On Thu, 22 Jul 1999, Russell McMahon wrote:

> I've just looked at your results and yes, they are similar in error
> to mine.
> It occurs to me that I've not been comparing apples with apples here.
> It is important to me what the absolute value of the error is at any
> given reading
> eg (Reading-Actiual)/Actual * 100 %
> So, my error percentages are per reading. without reference to other
> readings.
> But, A2Ds are normally specd as accuracy in bits with respect to full
> scale. ie 1 5 volt convetre with an error of 50 millivolts would be
> classed as an error of 1% whether the true value was 5 volts or 0.5
> volts. However, at 0.5 volts thids apparent error of 1% would be an
> actual error of 10%. Nothing startling here but I had got so tied up
> in what I was trying to achieve for my purposes that I was reporting
> in absolute terms without reflecting that others may be confused by
> it.
>

I know what you mean. In case anyone's interested, this is how you measure
linearity error.

1) Collect a whole bunch of data and record a) the voltage applied and b)
and the converted digital value. You also should collect several samples
at each voltage value and use the mean of the digital values to represent
converted digital value. There's another test for measuring the spread.

2) Find the least square's curve fit of the data.
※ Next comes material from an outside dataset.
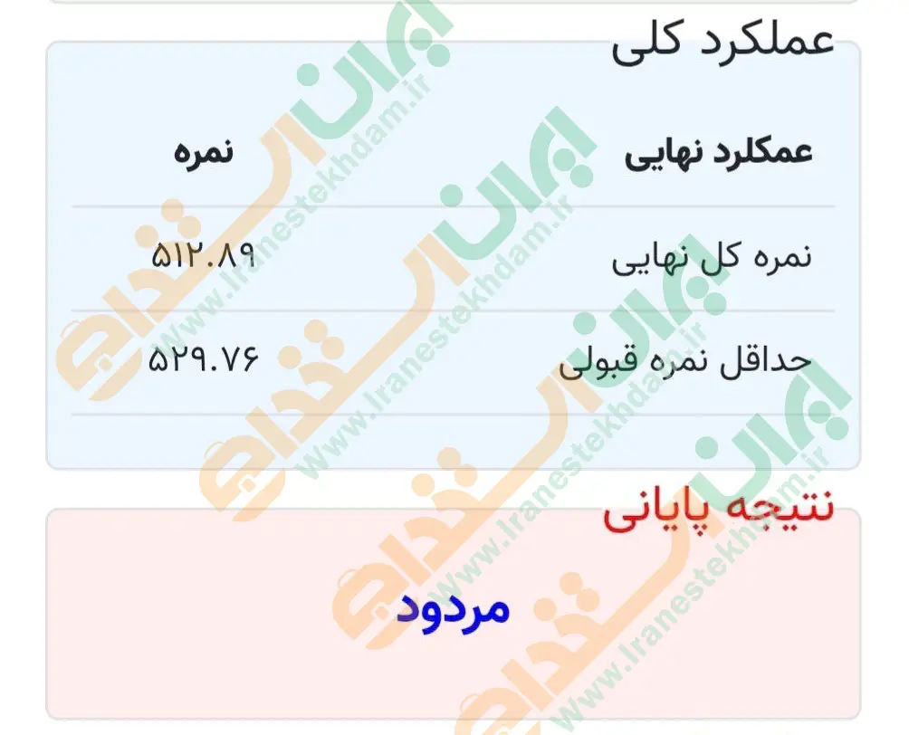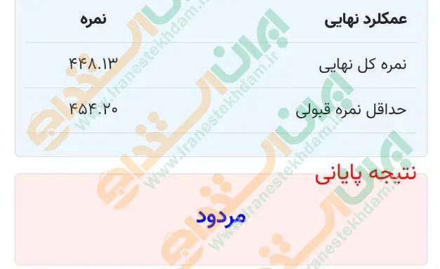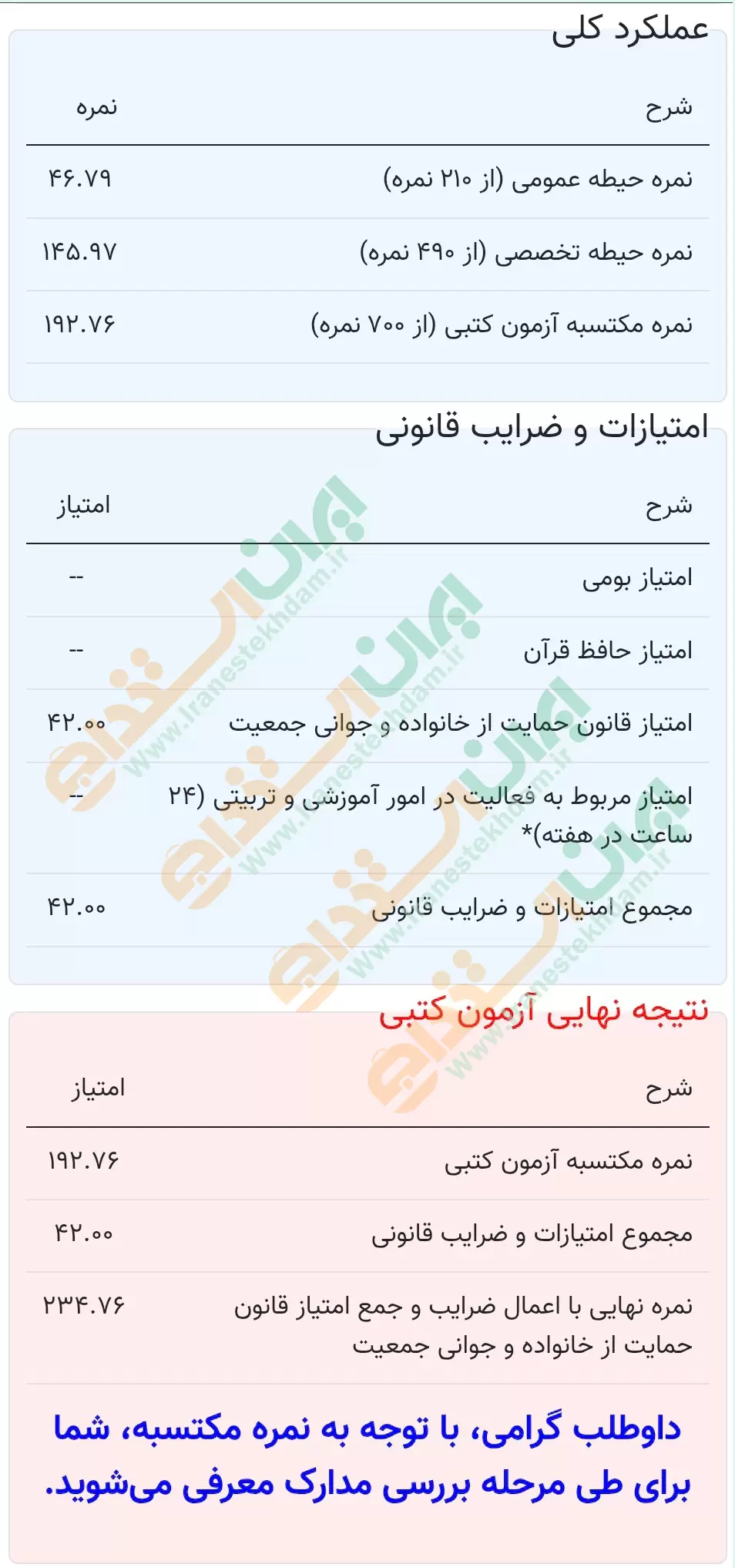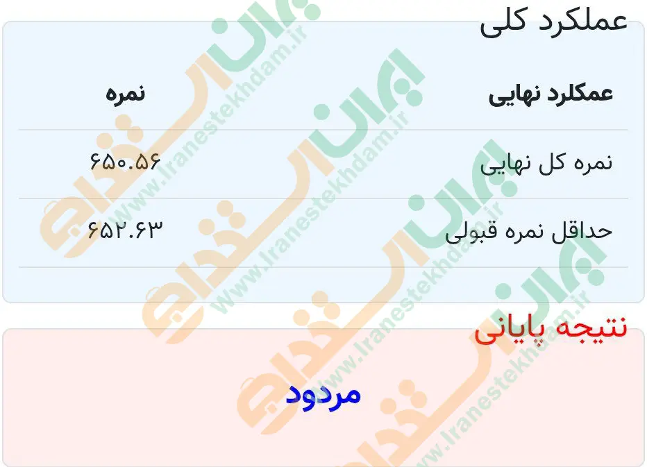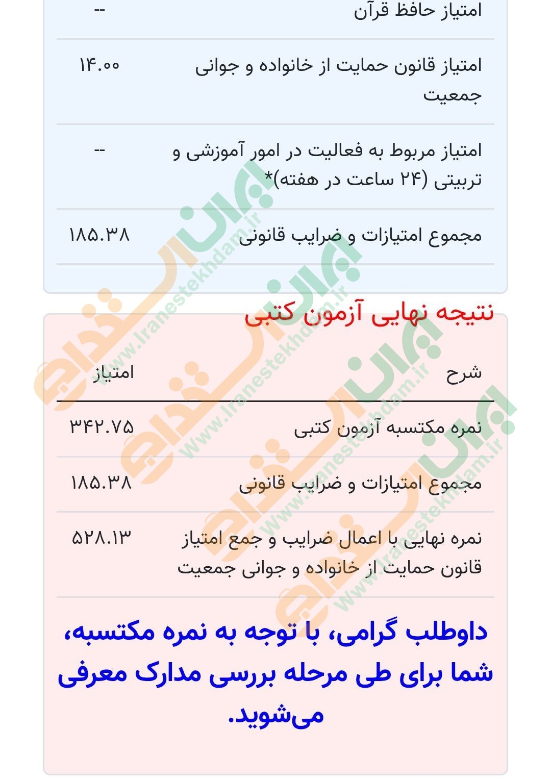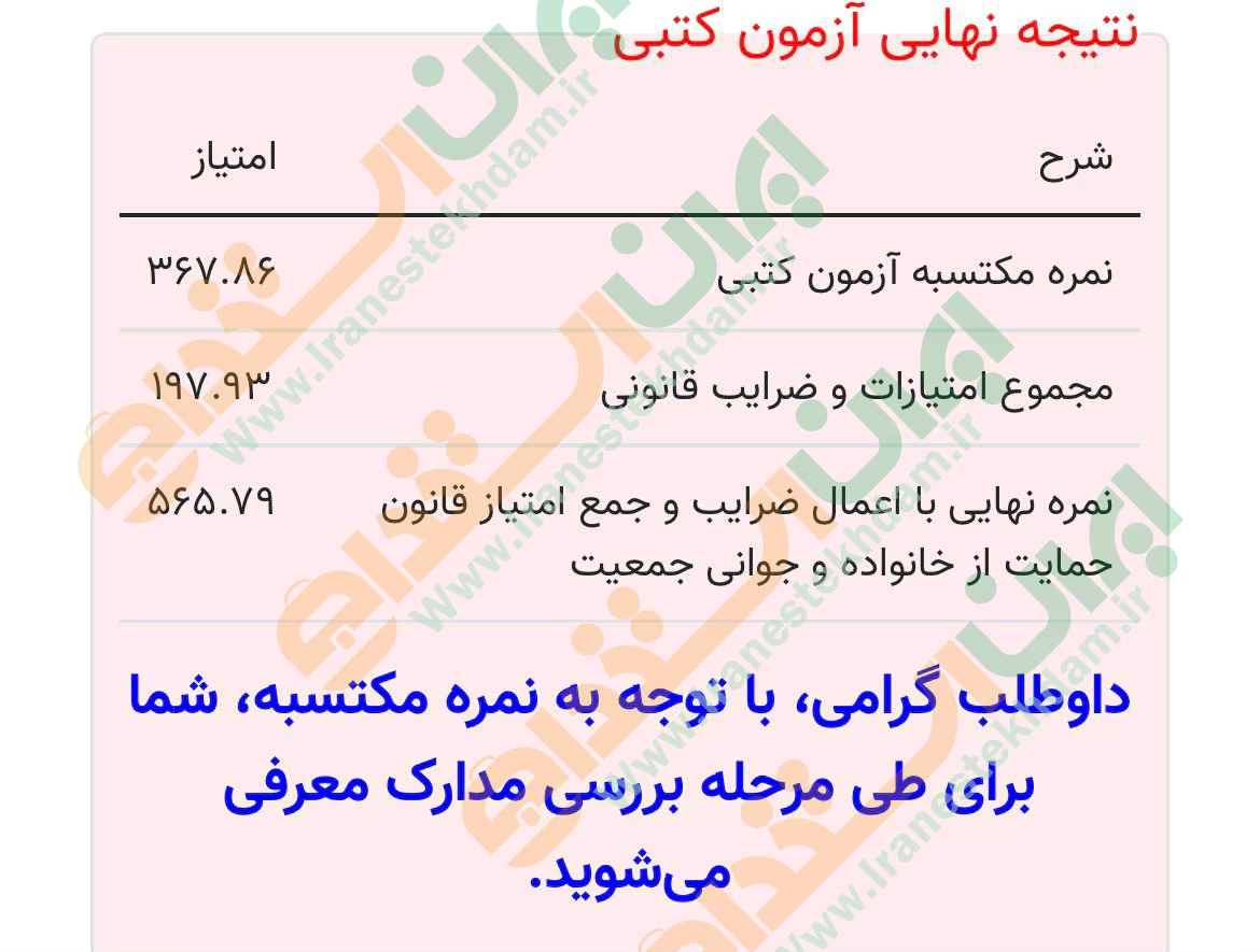 جهت مشاهده نمونه کارنامههای استخدام آموزش و پرورش در سال 1404 بر روی تصویر کارنامه کلیک نمایید.

In other words, find the
line that best fits the data.

3) Find the sample that most deviates from this line.

The line found by the least square's curve fit is of the form:

   y = m*x + b

where
 x = true value of the input signal (the applied voltage)

 y = expected value when the true value is applied (the actual value is
     what you measure)

 m & b are the slope and intercept of the line and are calculated:


m = [s(x) * s(x * d) - s(x*x) s(d)] / den

b = [s(x) * s(d) - n * s(x * d) ] / den

den = s(x)*s(x) - n * s(x*x)

where,

d = digitized value
n = total number of samples

and
          n
        -----
        \
s( ) =  /     (   )
        -----
         i=1


Once you have m and b, you can perform step 3 by running the applied
voltage through the line representing the data and comparing the expected
value output with the value you actually measured. The Linearity Error is
then:

L = max( ( d - y ) / x_fr ) * 100%

where x_fr is the full range of the data, or 4096 for a 12-bit A/D.

Like I said earlier, I've got an octave program to do this. If anyone
wants it, drop me a line. You probably can find a lsf function in excel
too.

> Here are the full scale errors % that I get from your data - very
> nice.
> Two key questions are -
>
> 1.    How many counts in your loop? - whoops - you say that its 4096.
> Mine are 2048 counts.

4096

>
> 2.    What are you using as your "gate" input - standard PIC pin /
> PIC Schmitt pin / external gate  or an internal/external comparator
> ?
>     What PIC?

I'm using RA0 for the input gate and RA1 for the output and the pic is a
16F84 running at 4MHz.

Scott